## Working data:
----------

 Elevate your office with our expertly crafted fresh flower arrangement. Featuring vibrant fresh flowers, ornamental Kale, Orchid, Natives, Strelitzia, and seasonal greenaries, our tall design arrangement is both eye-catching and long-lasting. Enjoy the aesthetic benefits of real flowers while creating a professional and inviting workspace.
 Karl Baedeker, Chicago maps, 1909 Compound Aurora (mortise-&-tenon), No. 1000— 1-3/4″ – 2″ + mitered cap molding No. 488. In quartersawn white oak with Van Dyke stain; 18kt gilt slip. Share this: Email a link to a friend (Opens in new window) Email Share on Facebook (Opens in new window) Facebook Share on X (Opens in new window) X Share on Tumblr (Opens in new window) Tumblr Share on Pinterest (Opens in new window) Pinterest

----------

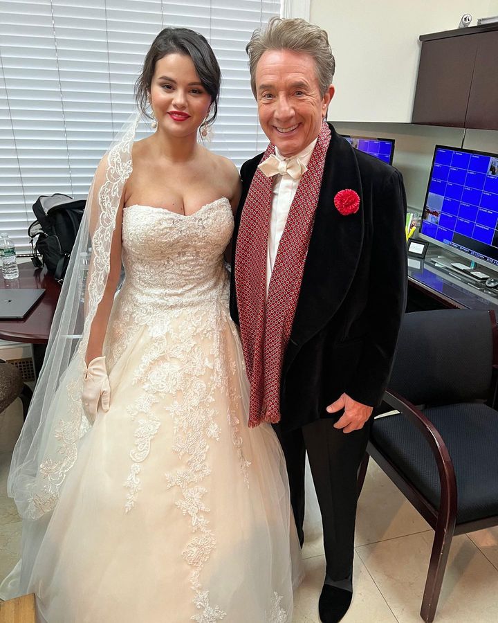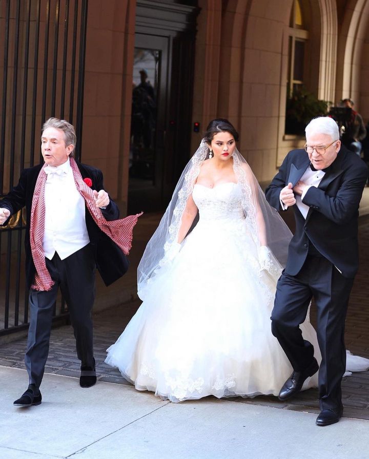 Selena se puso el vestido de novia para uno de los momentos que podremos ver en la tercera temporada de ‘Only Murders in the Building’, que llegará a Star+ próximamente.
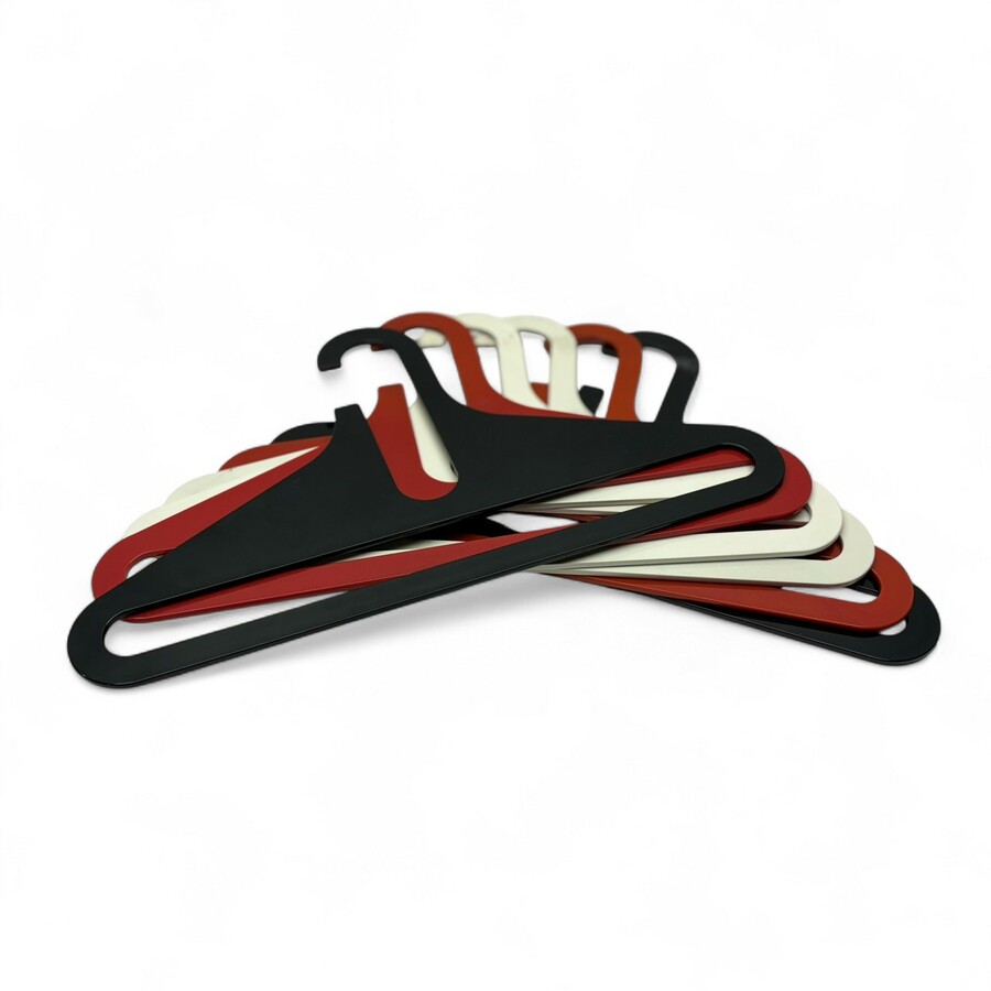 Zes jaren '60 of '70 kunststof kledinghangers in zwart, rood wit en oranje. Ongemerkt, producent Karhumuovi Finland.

----------

## Problem to work on:
Whenever the string "with" occurs in a line of the entries above, copy that line.

## Reply:
 Elevate your office with our expertly crafted fresh flower arrangement. Featuring vibrant fresh flowers, ornamental Kale, Orchid, Natives, Strelitzia, and seasonal greenaries, our tall design arrangement is both eye-catching and long-lasting. Enjoy the aesthetic benefits of real flowers while creating a professional and inviting workspace.
 Karl Baedeker, Chicago maps, 1909 Compound Aurora (mortise-&-tenon), No. 1000— 1-3/4″ – 2″ + mitered cap molding No. 488. In quartersawn white oak with Van Dyke stain; 18kt gilt slip. Share this: Email a link to a friend (Opens in new window) Email Share on Facebook (Opens in new window) Facebook Share on X (Opens in new window) X Share on Tumblr (Opens in new window) Tumblr Share on Pinterest (Opens in new window) Pinterest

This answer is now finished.